There is no way you can, or should, put in the all out, time-trial effort required on this path. There is simply too much you need to be on the watch for at any time of day.

You would be putting yourself and others in danger, and since you WILL be disrupted by something, you would be wasting your time.

Anonymous's picture
robin (not verified)
west side bike path


I ride this path often, especially the stretch between 24th and 96th streets. Based on my experience I really wouldn't recommend it for a speed test. It's a multi-use path with many crossings and pedestrian traffic--if you don't get hit by a turning taxi or a bus, you may hit a runner, a dog, a dazed cruise-ship passenger, another cyclist, or a car or one of those park vehicles with the guys who do maintenance. There ARE stop lights along the way...

At 23rd street there is a busy pedestrian crossing. At 24th people have reported near-misses with taxis turning into Chelsea Piers. At 26th there is cross traffic for the heliport. A little higher up, maybe 34th, is a bus crossing for the ferry service. Around 40th you get the Circle Line-Intrepid traffic AND cruise ship traffic, or right now, the pier Antiques show traffic. Then at 59th you may get a garbage truck crossing your path.

It's too dangerous and frankly, a selfish move. That path is as conducive for ""training"" as Central Park is on a summer saturday afternoon. You are going to be frustrated if you have to slow down or stop.I agree with the poster who suggested the park, despite the ""hills"" (which aren't really) in the early morning, or between 10 and 2. There's also route 501 or 505 on your way to or from Piermont. That's quite flat.

Please reconsider.


Anonymous's picture
Anthony Poole (not verified)
Is 9W of any use?

Is there a three mile stretch of 9W somewhere between Hudson Terrace and Piermont that would be suitable, or would the hills skew the result?

Anonymous's picture
David Regen (not verified)
re: 9w

Nope, I tried it, there isn't a decent flat stretch 3 miles long.

Perhaps 340 near Sparkill would work, tho.

Anonymous's picture
JP (not verified)

"Yes, Floyd B Field may work.

Also, if you feel like riding further into Brooklyn/Queens, there is a stretch of Cross Bay Blvd. (which is Woodhaven Blvd. South) that runs south from the Addabbo Bridge at 165th St. to the Veterans Mem. Bridge. That section is 3.7 miles, has a bike path and is flat. Cross the Addabbo Bridge and cut out the marina route to Rockaway, and you can easiily lay out 3 miles. Some stores, etc., but a nice place to hammer. And, there is the Broad Channel A train stop if you bonk ;-) And you can continue to Rockaway and return via Marine Park Bridge/Flatbush Ave.

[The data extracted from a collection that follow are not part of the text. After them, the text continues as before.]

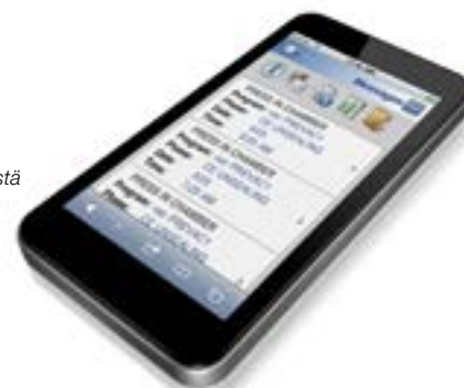
Tarkastele tietoja 30 viimeisestä sterilointilaitteprosessista missä tahansa välinehuollon sisällä tai ulkopuolella.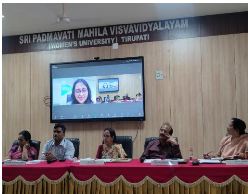
DCE Meeting with Principals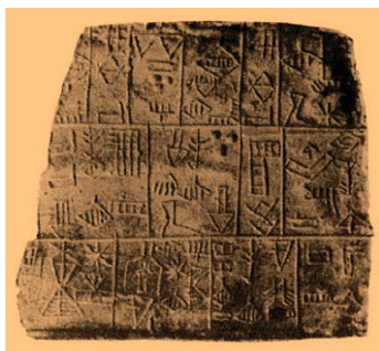
Evidencia gráfica de la cultura Sumeria (3000 a. C.)

Esta afirmación es inexacta e intentaremos demostrarlo analizando algunas evidencias iconográficas del Antiguo Perú, que también suelen ser llamados graffitis .

To get to Cross Bay, you can take Myrtle Ave. to Woodhaven to Cross Bay. Or you can take the bike path (Shore Parkway)beyond Canarsie Pier and loop around using Pennsylvania Ave. Or, you can continue on the bike path (""proposed"" path) beyond Penn Ave. (as of last year just dirt and mud) to Cross Bay.

Good luck,"

Anonymous's picture
John Z (not verified)
A Different Option

"Perhaps the smarter option is not to use a 3 mile flat road, but a climb that takes about the same time. The distance will be shorter, but if your choose an appropriate climb, the work effort will be the same. Such a climb exists nearby, the so called ""Alpine"" climb at the end of River Road in New Jersey. Its about 1.25 miles long, with an average grade of just over 6%. A medium-sized ride producing a constant power of 300 watts will take about 7'05"" to finish this climb. The same power output over a 3 mile flat will result in a time of about 7'20"". River Road is lightly traveled, with no traffic lights or stop signs -- the perfect place to hammer.

More important, testing yourself on a climb offers a distinct advantage over testing yourself on a flat: wind resistance in minimized, especially on steep climbs. Consider a 10% power improvement: now the test rider can produce 330 watts for about 7 minutes. On a flat, the rider's time improvement will be about 15 seconds, on the climb it will be almost 40 seconds. A slight head wind on the flat would seemingly negate this improvement, while on the climb small variations in windspeed are less of a consideration."